Housing File 15 「y-Y HOUSE」

陽光を求めた3階リビングの家、らせん階段を透過する都市の光

Y字柱が支える傾斜屋根
西側の窓サッシは、採光のため極力細く計画。斜めの骨組み(丸鋼)の落とす影が、部屋に表情を生む。室内を明るく見せるため、床材は白肌のパイン材、家具はシナ合板を使用
らせん階段による公・私室の立体分離
写真正面は作業スペース。左はトイレ。作業スペースの背板のブルーが、室内のアクセントとなっている。デッキ部分のFRPグレーチングは、トップライトの光を下階へ導く
「見せる」浴室&洗面室
ショーウインドー感覚で、白で統一された浴室&洗面室。ロールスクリーンを下ろせば、視線を遮ることができる
外と内の融合空間
戸外と段差のない玄関は、現代風の土間。ガレージ(写真奥)の引き戸を開ければ、玄関は半ば戸外空間となる
セットバックしたガレージ
道路の幅が狭いため、隣家の車の出し入れを考慮し、ガレージを1.2メートルセットバック。西面の折りたたみ戸と北面の引き戸ともに全開閉が可能
街と融合する住宅
道路に面したガラス張りの建物は、自己主張しながらも街と一体化する。建物は、意匠上できるだけ目立たぬよう、東側の太い柱(150×150)と、西側の細い柱(100×100)のH型鋼で支えている

 横浜市のほぼ中心、住宅と工場が混在する地域。施主は30代半ば、夫婦ともにコンピューター関係の仕事に就き、昨年初めにお子さんが生まれたばかりの3人家族です。立地は、南側と東側を隣接する建物にふさがれているため、限られた日照をいかに室内に採り入れることができるか、それが設計上、最大のポイントとなりました。

 住宅密集地にあって、かろうじて道路に面した北面と西面。

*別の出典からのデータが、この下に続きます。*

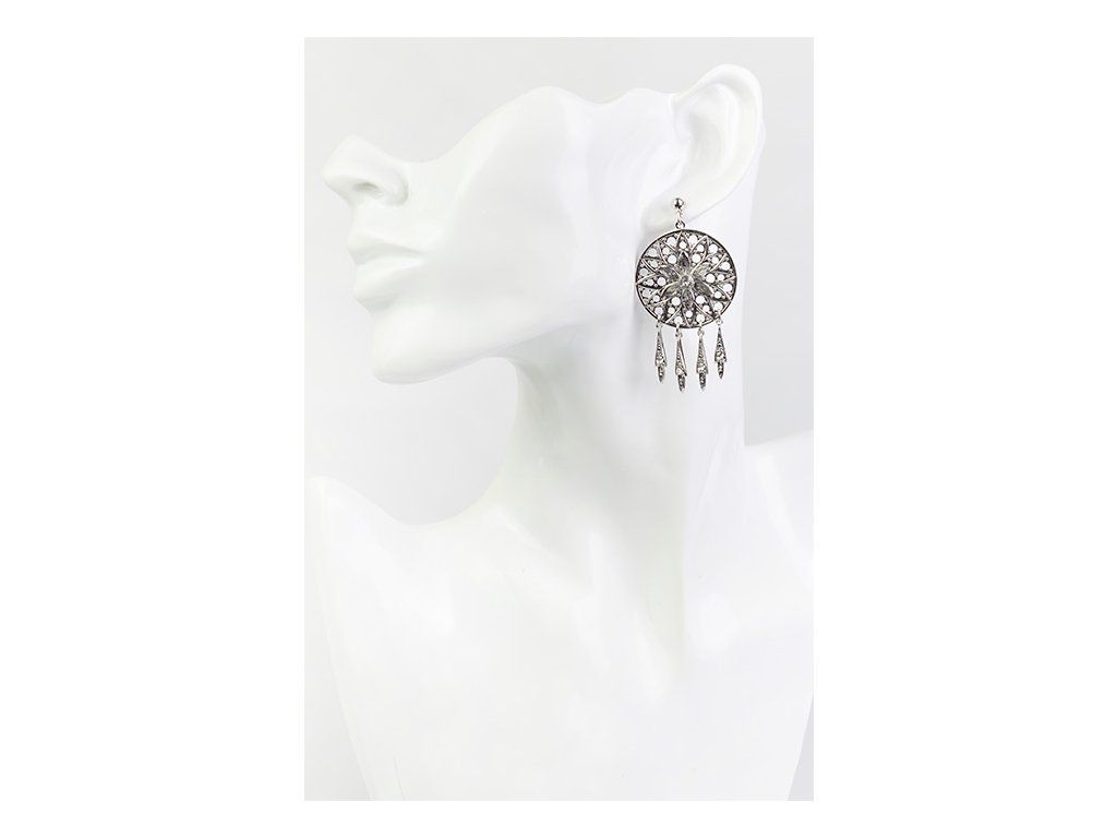 Náušnice filigránové velké s kameny - rhodium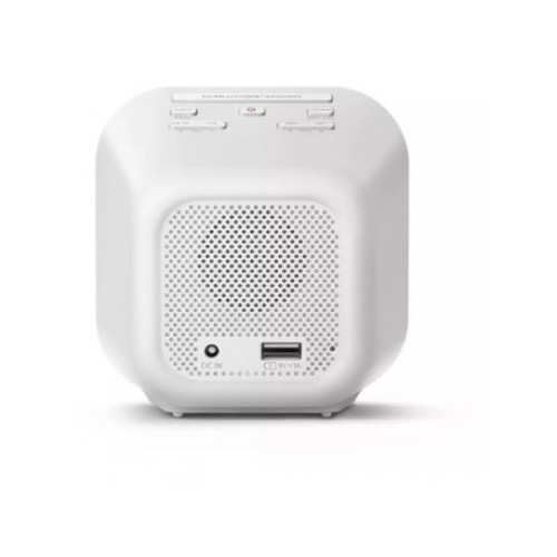 | Karakteristike | Radio sa budilnikom Digitalno FM pretraživanje USB punjač za telefon Ekran sa izgledom ogledala i velikim ciframa sata Izlazna snaga (RMS): 700 mW Zvučni sistem: Mono Sat: digitalni LED ekran format vremena: 12/24 h Alarm: broj alarma: 2 izvor alarma: zujalica/FM radio odlaganje (ponavljanje alarma): da, 9 min resetovanje alarma na 24 sata sat za gašenje: 15/30/60/90/120 min Tjuner: opseg tjunera: FM FM antena frekventni opseg: 87,5 - 108 MHz broj memorisanih stanica: 20 Tip napajanja: ulaz AC: 100–240 V, 50/60 Hz rezervno: 2x AAA baterija (nisu priložene) omogućava memorisanje vremena u slučaju nestanka struje Visina: 110 mm Širina: 110 mm Dubina: 75 mm Neto/bruto težina: 220/440 g |

北側からの日射は期待できないため、西側からの日照が得られ、採光上有利な最上階の3階をリビングスペースとしました。その上で、西側を高くした傾斜屋根とし、壁の上にガラスをはめ込んだ大きな窓を設置しました。

 採光のため、窓枠にはできるだけ細いサッシを使用し、屋根の重みは、サッシに沿ったロッドを含む、変形Y字柱によって、壁の躯体へ吸収させています。この断面形状から「y-Y HOUSE」のネーミングが生まれました。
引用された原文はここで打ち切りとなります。